Revert previous patch and settle on llvm.aarch64.sve.ld1.gather.scalar.offset

Based on the overall feedback, llvm.aarch64.sve.ld1.gather.scalar.offset feels sufficient to cover all cases:

  • For "vector base, scalar index" ACLE intrinisics we will have to do the scaling in clang. It is then mapped to GLD1_IMM provided that the index is within the supported range.
  • For "vector base, scalar offset" we have 1:1 mapping between the ACLE and IR intrinsic and then in DAG Combine we map it to either GLD1 or GLD1_UXTW
  • For "vector base, scalar index" ACLE intriniscs where the index is out-of-range, we fall-back to "vector base, scalar offset"

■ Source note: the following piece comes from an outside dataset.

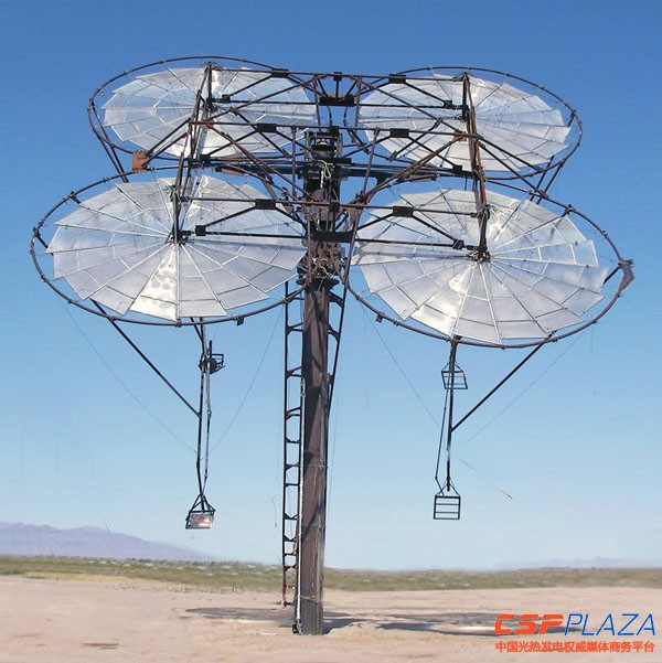一個集熱塔配置四面反射鏡,各自對應一個熱量接收器。其熱量集熱器類似于一(yi)個光漏斗(dou),對(dui)聚集后的(de)光線(xian)進行再次(ci)聚集,從而(er)提(ti)高集熱溫(wen)度。

I've kept the changes for scatter stores.

andwar marked 3 inline comments as done.Jan 20 2020, 1:49 AM
andwar added inline comments.

The offset in llvm.aarch64.sve.ld1.gather.scalar.offset.nxv4i32.nxv4i32 represent bytes, so it doesn't require scaling.

sdesmalen accepted this revision.Jan 20 2020, 3:27 AM



nit: SrcEltVT is fixed-sized, so you can ask for getFixedSize() here.


nit: !OffsetConst


nit: perhaps add an assert here that Base.getValueType().getSimpleVT().SimpleTy == MVT::nxv2i64 ?


Maybe worth adding one test-case with a negative value (that should be covered by the use of getZExtValue()) ?

This revision is now accepted and ready to land.Jan 20 2020, 3:27 AM
This revision was automatically updated to reflect the committed changes.
andwar marked an inline comment as done.